Rekor — Data Layer for AI Agents

You have access to the rekor CLI — the builder interface for Rekor. Use it to set up schemas, configure collections, test in preview environments, and promote to production. Production agents use MCP tools to read/write documents; external systems integrate via REST API. The CLI is your tool for designing and managing the data model.

Agent Guidelines

  • Drive Rekor through the rekor CLI when you have shell access. If you also have mcp__rekor__ tools in your toolset, prefer the CLI for setup and configuration; reserve MCP tools for production read/write operations.
  • Only provide information from this skill, tool descriptions, or reference documentation. Do not invent URLs, paths, commands, or flags.
  • Schema work (collections, hooks, triggers, MCP Factory endpoints) only happens in preview databases. Always create or use a preview before changing schemas.
  • Promotion is human-only. When schema is ready, surface the exact rekor databases promote command and wait for the user to run it.
  • Tokens are shown only once on creation. Always tell the user to copy and store it before doing anything else.
  • Never auto-commit. Show the user git diff (when working with schema files) and wait for approval.

---

First-Time Setup Walkthrough

When the user is starting from scratch, walk them through these steps. Skip any that are already done — check with rekor databases list before assuming.

1. Install the CLI

npm install -g rekor-cli

Verify with rekor --version. The CLI is published to npm as rekor-cli; the binary is rekor.

2. Authenticate

If the user has a Rekor account:

rekor login

Opens a browser to complete OAuth. For headless or CI use, pass an existing API key:

rekor login --token rec_xxx

If the user does not have an account yet, direct them to [rekor.pro](https://rekor.pro) — free plan includes 1,000 operations per month, no credit card required.

3. Create a database

Databases are top-level data containers. One per app, domain, or tenant.

rekor databases create <id> --name "<Display Name>" [--tags <comma-separated>]

Set REKOR_DATABASE=<id> in the user's shell to avoid passing --database on every command.

4. Create a preview environment

Schema changes (collections, hooks, triggers, MCP Factory endpoints) are blocked in production databases. Create a preview to do schema work:

rekor databases create-preview <id> --name "<preview-slug>"

The resulting preview database ID is <id>--<preview-slug>. Use that as --database for all schema commands.

5. Define the first collection

A collection is a JSON Schema that defines a document type. Define it in the preview database:

rekor collections upsert <slug> --database <id>--<preview-slug> \

--name "<Display Name>" \

--schema '{"type":"object","properties":{...},"required":[...]}'

For schemas longer than a line, write them to a file and pass --schema @path/to/schema.json.

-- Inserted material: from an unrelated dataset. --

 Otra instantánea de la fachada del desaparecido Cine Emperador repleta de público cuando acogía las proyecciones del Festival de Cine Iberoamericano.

6. Test in preview, then ask the user to promote

Write some test documents to the preview, query them, iterate until the schema is right:

rekor documents upsert <slug> --database <id>--<preview-slug> --data '{...}'

rekor sql "SELECT FROM documents WHERE database_id = {database_id:String} AND collection = '<slug>' AND deleted = false" --database <id>--<preview-slug>

When ready, surface the promotion command for the user to run (you cannot promote yourself):

rekor databases promote <id> --from <id>--<preview-slug>

Recommend --dry-run first to preview the diff.

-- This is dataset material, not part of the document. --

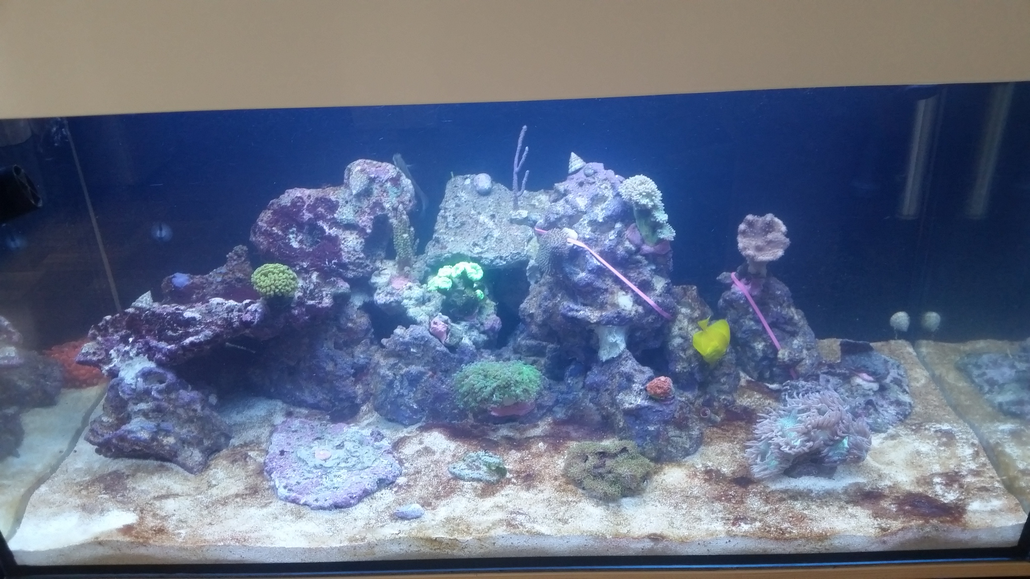 20151008_160955.jpg Hallo , Wollt mal fragen ich habe schon wieder rot braunen Belag auf dem bodengrund. Der sich auch auf den Steinen absetzt mit faden. Korallen stehen alle super. Liegt es vielleicht an der Anemone die in der pumpe zerkleinert wurde. Habe gleich einen 15% Ww gemacht. Meine Werte ...

7. Connect production agents

Two ways to give production agents access:

Scoped API token — for direct REST/CLI access:
rekor tokens create --name "<agent-name>" \

--grants '[{"scope":{"databases":["<id>"],"environments":["production"]},"permissions":["read:documents","write:documents"]}]'

The raw token (rec_...) is shown once. Copy it immediately.

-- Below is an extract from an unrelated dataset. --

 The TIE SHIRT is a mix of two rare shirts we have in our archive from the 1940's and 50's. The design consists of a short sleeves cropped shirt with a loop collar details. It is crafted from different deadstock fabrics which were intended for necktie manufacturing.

MCP Factory endpoint — for purpose-built MCP tools per agent (recommended for LLM agents):

See the [MCP Factory](#mcp-factory-custom-mcp-endpoints) section below.

---

Core Concepts

  • Collection: A schema (JSON Schema) that defines a document type. No migrations — create at runtime.
  • Document: A JSON document conforming to a collection's schema.
  • Relationship: A typed, directed link between two documents with optional metadata.

Quick Start

1. Create a collection

rekor collections upsert invoices --database my-ws \

--name "Invoices" \

--schema '{"type":"object","properties":{"customer":{"type":"string"},"amount":{"type":"number"},"status":{"type":"string","enum":["draft","issued","paid"]}},"required":["customer","amount"]}'

2. Create a document

rekor documents upsert invoices --database my-ws \

--data '{"customer":"Acme Corp","amount":5000,"status":"draft"}'

With external ID for idempotent upsert:

rekor documents upsert invoices --database my-ws \

--data '{"customer":"Acme Corp","amount":5000}' \

--external-id inv_123 --external-source billing

3. Query documents

rekor sql "SELECT data.invoice_number.:String as num, data.status.:String as status, arraySum(CAST(data.line_items[].amount, 'Array(Float64)')) as total FROM documents WHERE database_id = {database_id:String} AND collection = 'invoices' AND deleted = false ORDER BY total DESC" --database my-ws

4. Link documents

rekor relationships upsert --database my-ws \

--source invoices/rec_abc --target customers/rec_xyz \

--type belongs_to

5. Traverse relationships

rekor query-relationships invoices rec_abc --database my-ws \

--type belongs_to --direction outgoing

---

Full Command Reference

> Destructive delete commands prompt for confirmation in an interactive terminal. Pass -y/--yes to skip the prompt (it is also auto-skipped in non-interactive/CI contexts).

Databases

rekor databases list [--tag <tag>]

rekor databases get <id>

rekor databases create <id> --name <name> [--description <desc>] [--tags <comma-separated>]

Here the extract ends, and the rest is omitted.